> [TASK DIRECTIONS]
Your answer should hold exactly the lines below from the line with "해당 사진 속에서 두" through the line with "As the following", both included, and no pictures at all.

> [EXTRACTED INFORMATION]
**********

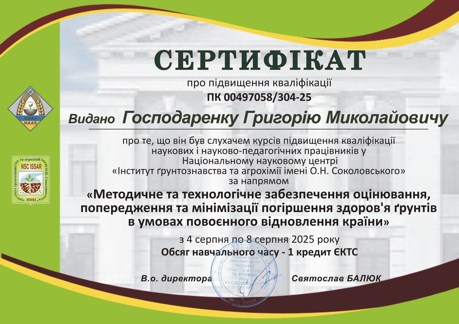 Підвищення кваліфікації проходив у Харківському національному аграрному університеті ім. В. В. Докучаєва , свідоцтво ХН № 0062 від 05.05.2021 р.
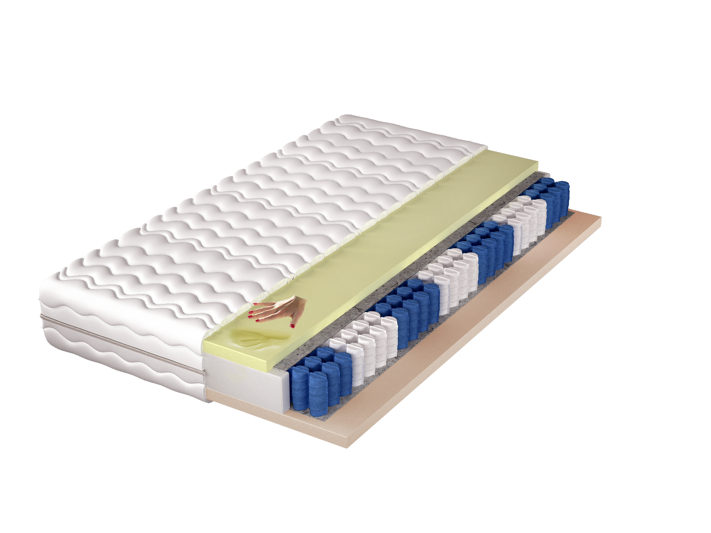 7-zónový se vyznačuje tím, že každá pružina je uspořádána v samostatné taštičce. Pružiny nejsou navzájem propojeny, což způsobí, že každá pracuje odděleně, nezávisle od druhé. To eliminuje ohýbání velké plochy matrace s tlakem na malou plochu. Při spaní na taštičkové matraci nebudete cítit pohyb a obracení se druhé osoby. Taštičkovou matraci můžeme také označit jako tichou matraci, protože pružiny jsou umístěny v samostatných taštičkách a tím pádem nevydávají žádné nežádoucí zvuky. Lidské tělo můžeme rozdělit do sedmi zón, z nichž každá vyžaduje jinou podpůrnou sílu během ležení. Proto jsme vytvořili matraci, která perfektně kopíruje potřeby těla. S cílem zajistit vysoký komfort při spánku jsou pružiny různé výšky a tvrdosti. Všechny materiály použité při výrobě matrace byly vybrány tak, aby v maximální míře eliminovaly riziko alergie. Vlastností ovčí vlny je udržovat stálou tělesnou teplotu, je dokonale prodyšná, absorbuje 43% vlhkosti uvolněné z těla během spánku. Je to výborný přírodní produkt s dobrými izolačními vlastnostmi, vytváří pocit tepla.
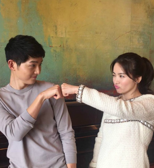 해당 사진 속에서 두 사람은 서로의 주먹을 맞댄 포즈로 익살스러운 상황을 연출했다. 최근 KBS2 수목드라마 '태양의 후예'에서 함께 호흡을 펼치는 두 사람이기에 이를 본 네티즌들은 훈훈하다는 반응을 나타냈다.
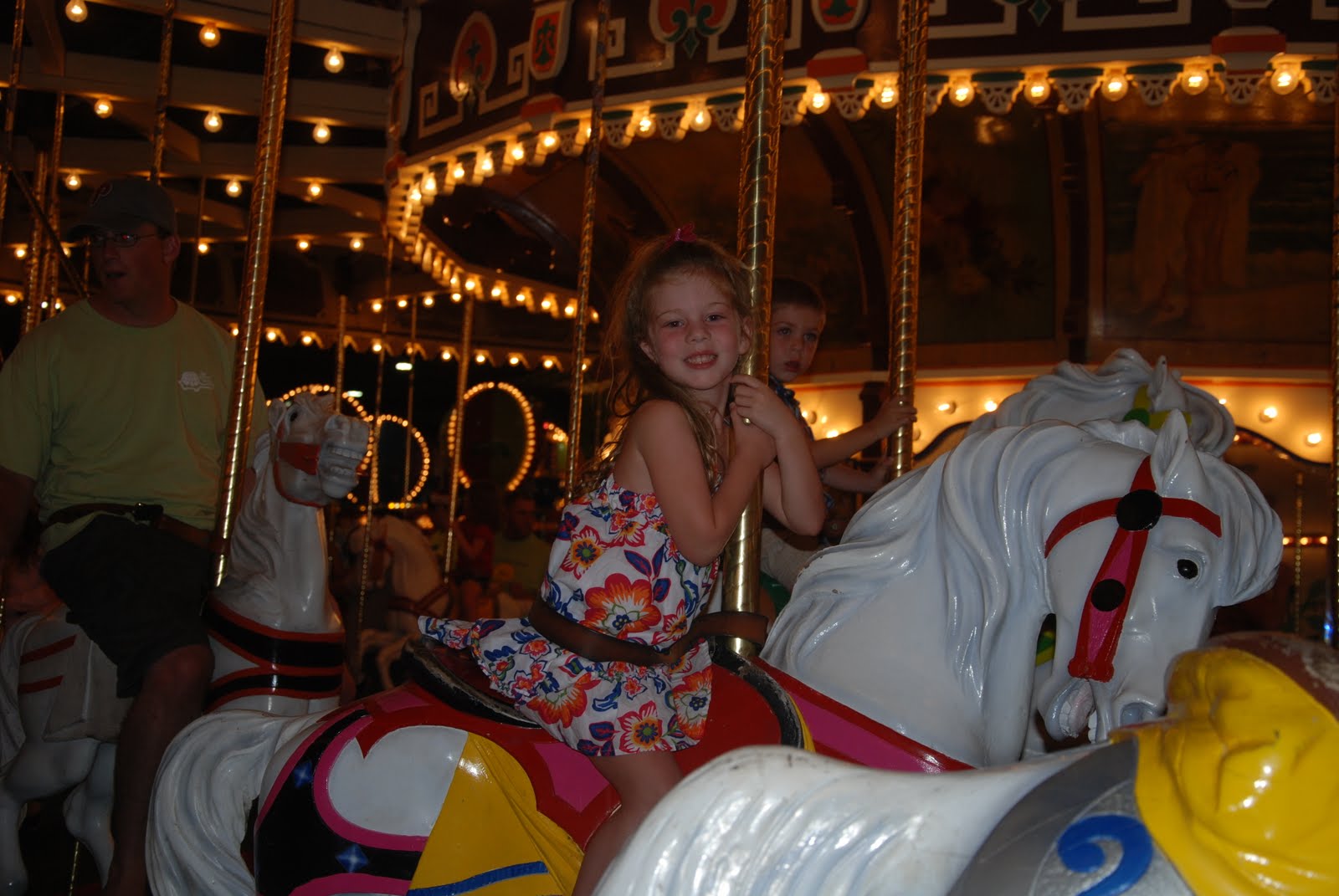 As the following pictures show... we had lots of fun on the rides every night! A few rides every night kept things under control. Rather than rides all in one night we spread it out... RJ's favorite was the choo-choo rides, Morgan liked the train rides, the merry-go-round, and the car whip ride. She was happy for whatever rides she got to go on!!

**********

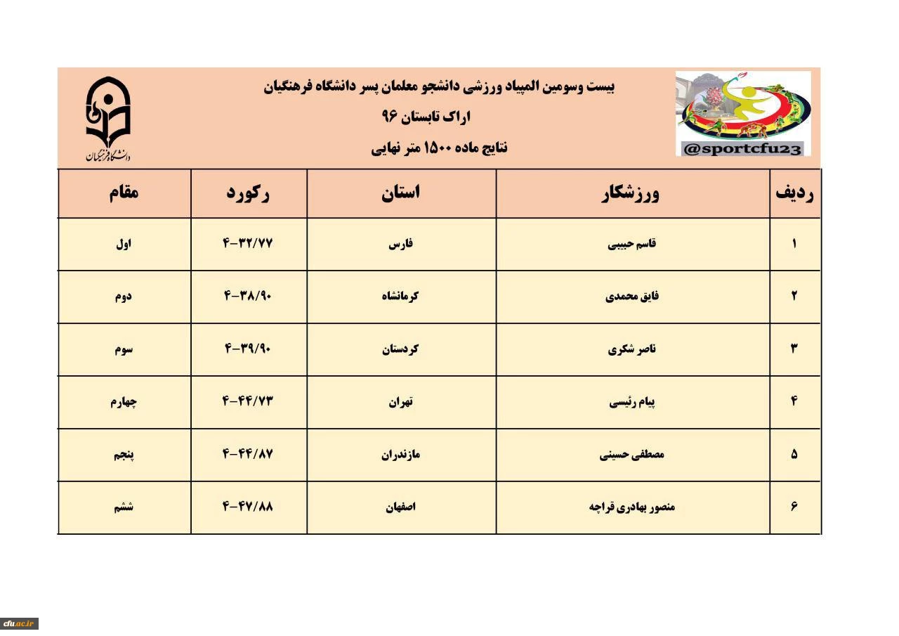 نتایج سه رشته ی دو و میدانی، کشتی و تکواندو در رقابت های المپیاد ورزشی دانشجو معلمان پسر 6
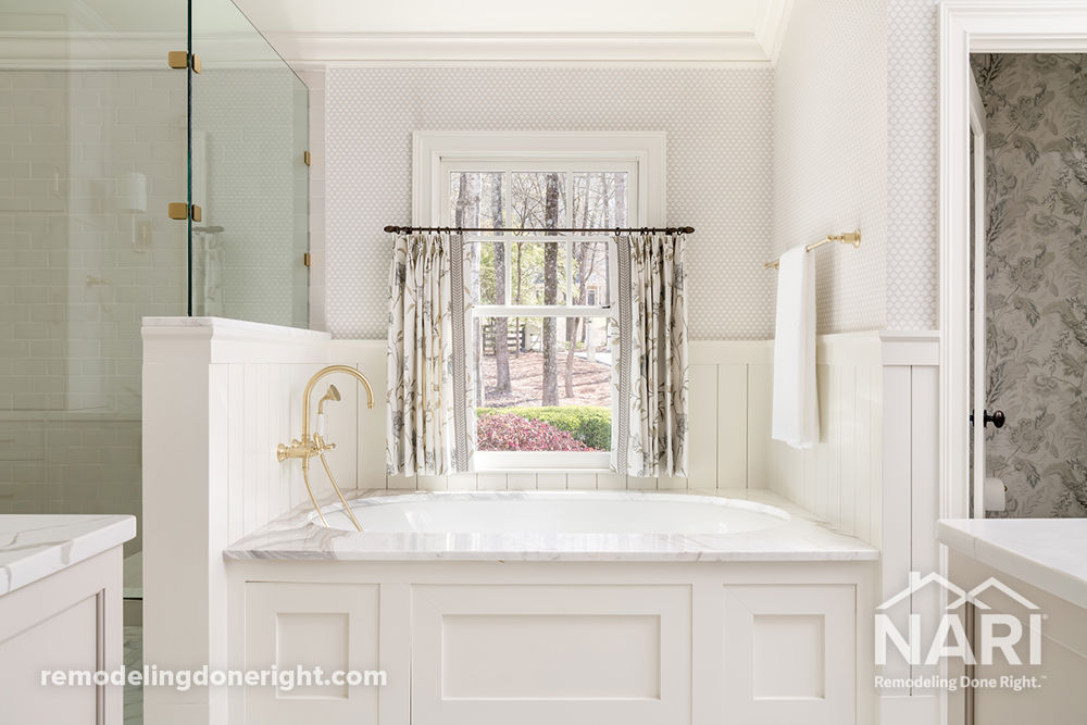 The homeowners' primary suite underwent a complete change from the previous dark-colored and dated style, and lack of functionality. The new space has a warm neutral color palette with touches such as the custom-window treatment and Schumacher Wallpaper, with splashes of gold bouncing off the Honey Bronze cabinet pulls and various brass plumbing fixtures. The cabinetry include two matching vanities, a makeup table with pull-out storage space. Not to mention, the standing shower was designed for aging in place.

**********

> [ANSWER TO THIS EXERCISE]
 해당 사진 속에서 두 사람은 서로의 주먹을 맞댄 포즈로 익살스러운 상황을 연출했다. 최근 KBS2 수목드라마 '태양의 후예'에서 함께 호흡을 펼치는 두 사람이기에 이를 본 네티즌들은 훈훈하다는 반응을 나타냈다.
 As the following pictures show... we had lots of fun on the rides every night! A few rides every night kept things under control. Rather than rides all in one night we spread it out... RJ's favorite was the choo-choo rides, Morgan liked the train rides, the merry-go-round, and the car whip ride. She was happy for whatever rides she got to go on!!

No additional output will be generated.